Sebelum lanjut — kamu lagi cari DO yang mana? Istilah ini dipakai untuk dua hal berbeda:

  • DO untuk usaha sendiri (gudang → pembeli) — surat perintah keluarkan barang. Ini yang dibahas di halaman ini, dan ini yang dipakai toko, distributor, dan usaha dagang.
  • DO di pelabuhan (impor) — surat pelepasan kargo dari perusahaan pelayaran supaya kamu bisa ambil barang di terminal. Beda dokumen, beda penerbit. Dibahas singkat di bagian 10.

01. Delivery order itu apa

Delivery order adalah surat perintah pengeluaran barang. Penjual yang membuatnya, gudang yang menjalankannya.

Fungsinya satu: memberi gudang izin resmi untuk mengeluarkan barang. Tanpa DO, orang gudang tidak punya dasar untuk menyerahkan barang ke siapa pun. Kalau barang keluar tanpa dokumen, tidak ada yang bisa menjelaskan barang itu pergi ke mana ketika stok tidak cocok di akhir bulan.

Tiga hal yang membuat DO berbeda dari dokumen lain:

  • DO adalah perintah, bukan tagihan. Isinya instruksi, bukan permintaan bayar.
  • DO tidak memuat harga. Nama barang, jumlah, satuan, keterangan — selesai. Kalau kamu menaruh harga di DO, orang gudang dan sopir jadi tahu margin usahamu, dan pembeli bisa salah mengira DO sebagai tagihan.
  • DO diterbitkan sebelum barang bergerak, bukan sesudah.

Belum tahu dokumen yang datang sebelum DO? Itu purchase order — pesanan dari pembeli, dan isinya yang jadi acuan DO kamu.

“DO” juga sering dipakai sebagai singkatan lisan.

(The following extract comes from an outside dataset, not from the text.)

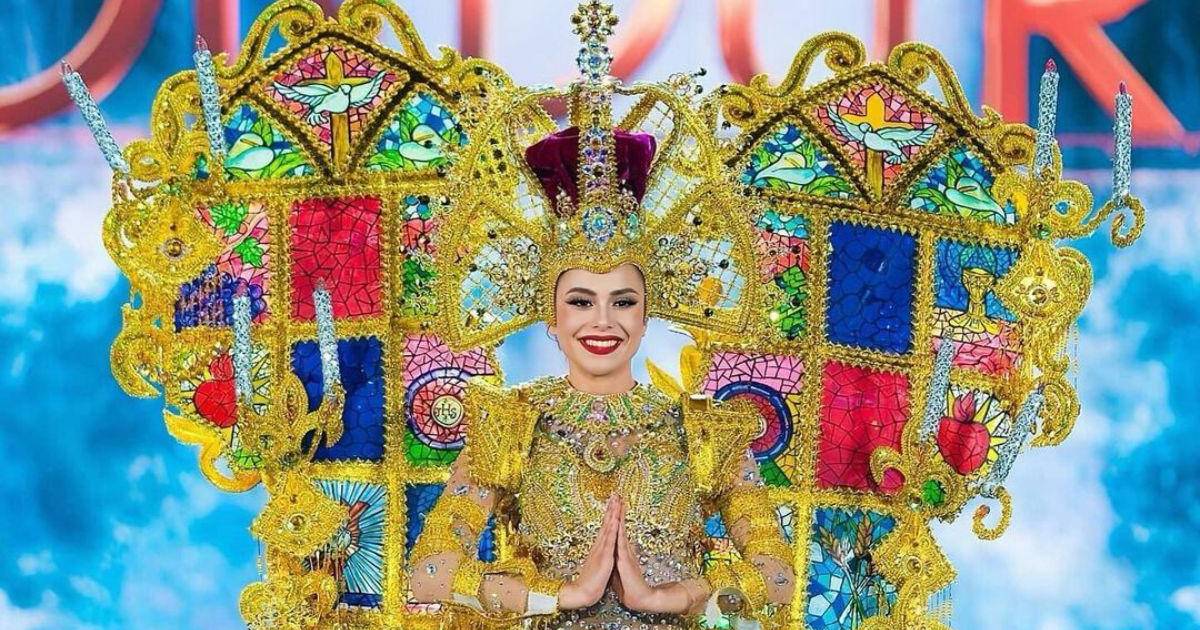 Llena de oro, sillas y candelabros, además de unos hermosos vitrales de colores, fueron parte del impresionante atuendo que usó la catracha.

Kalau ada yang bilang “DO-nya sudah keluar belum?”, maksudnya surat perintah ini — bukan pesanan pembeli (itu purchase order).

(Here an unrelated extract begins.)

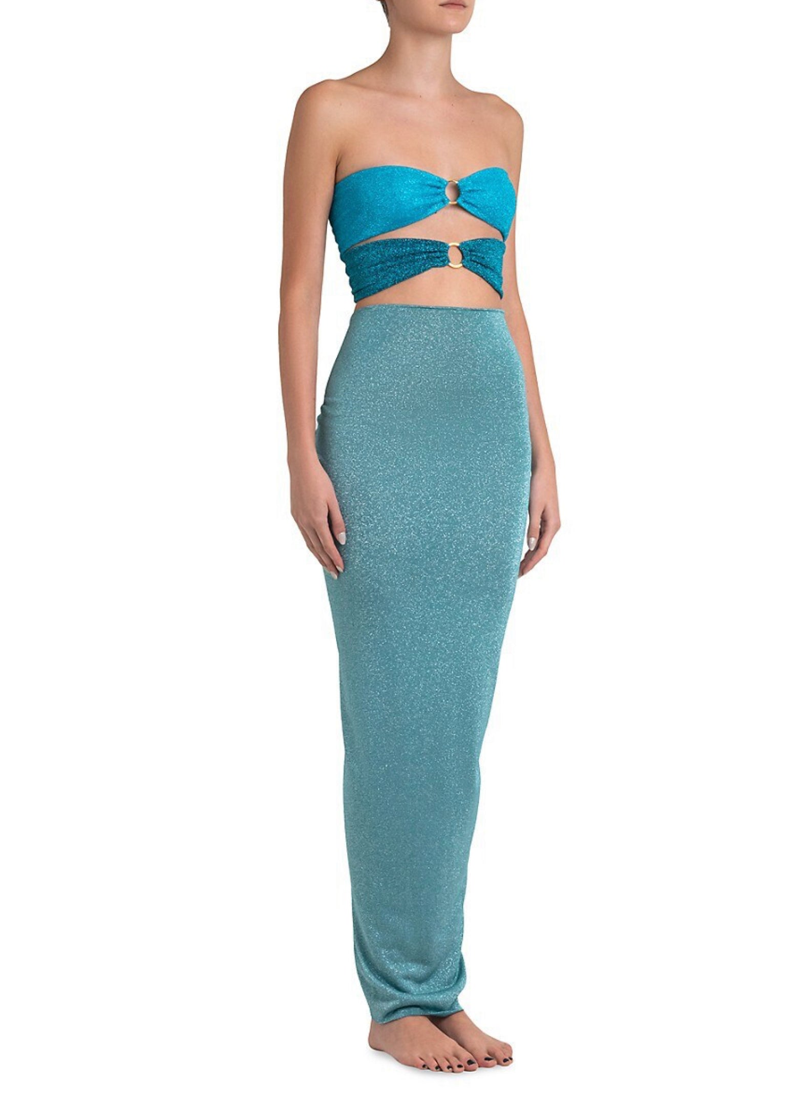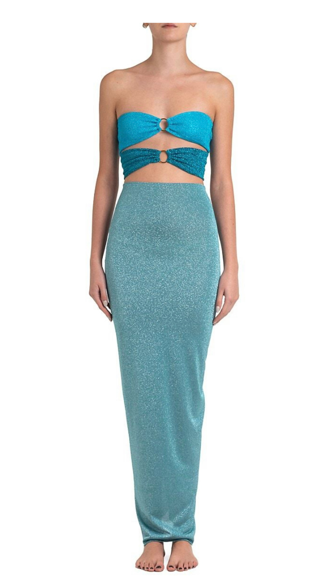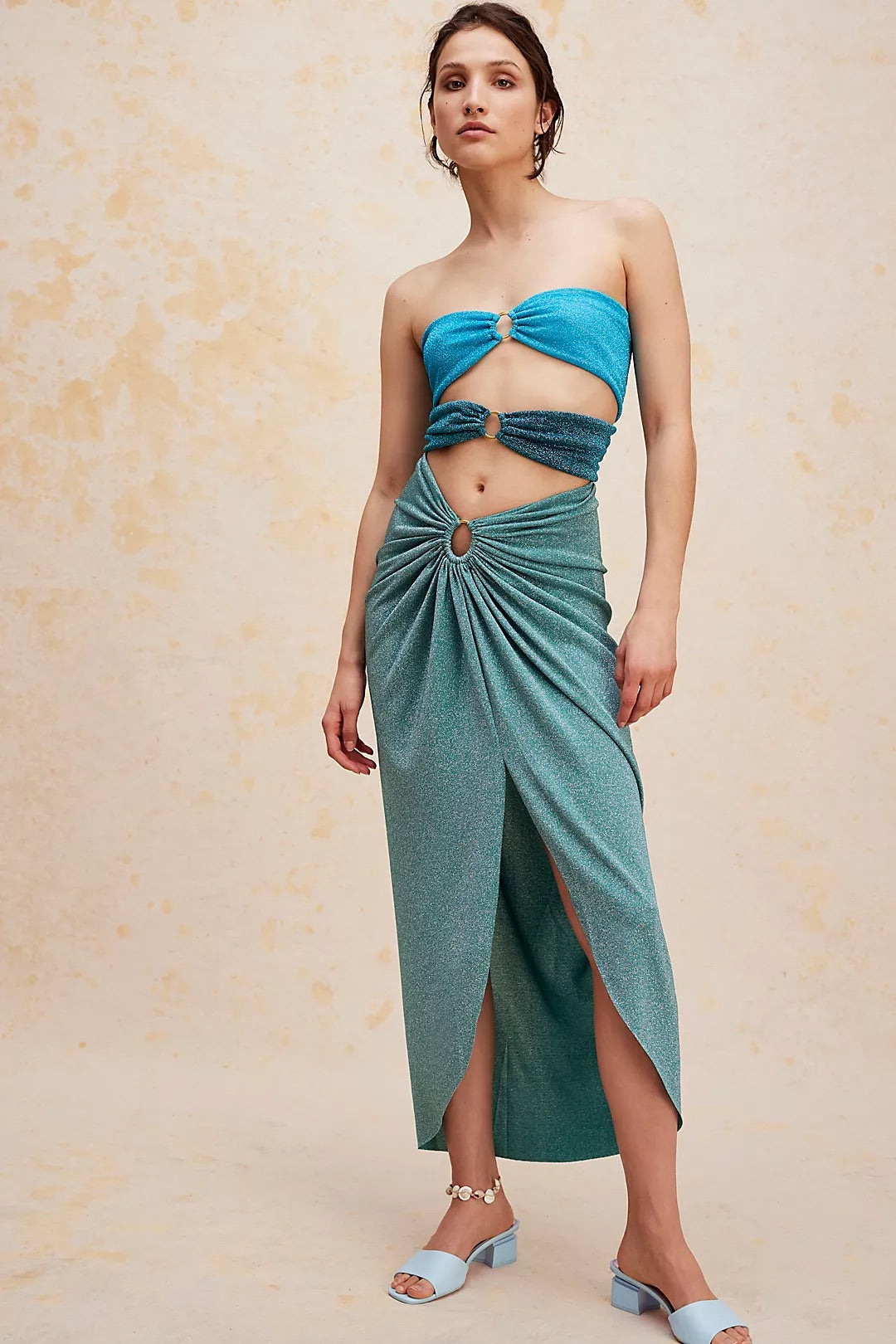 Isla maxi dress features a metallic texture with a sweetheart neckline, rings at the front and back and a deep slit skirt that offers wear options in the front or back.

Urutan dokumen dalam satu transaksi penjualan: purchase order dari pembeli, delivery order dari penjual ke gudang, surat jalan ikut barang, invoice sebagai tagihan, lalu kwitansi setelah dibayar

DO duduk di antara pesanan dan pengiriman. Cuma DO dan surat jalan yang tidak memuat harga.

02. Kapan kamu butuh DO, dan kapan cukup surat jalan

Ini pertanyaan yang paling sering bikin bingung, jadi diselesaikan di depan.

Kamu butuh DO kalau yang menyiapkan barang bukan orang yang menerima pesanan. Begitu ada jarak antara “yang terima order” dan “yang ambil barang di rak”, harus ada perintah tertulis di antara keduanya. Itulah DO.

Kamu tidak butuh DO kalau kamu sendiri yang melayani, mengambil barang, dan mengirimnya. Warung atau toko kecil yang pemiliknya menangani semuanya cukup pakai surat jalan saja — DO-nya akan jadi surat kepada diri sendiri.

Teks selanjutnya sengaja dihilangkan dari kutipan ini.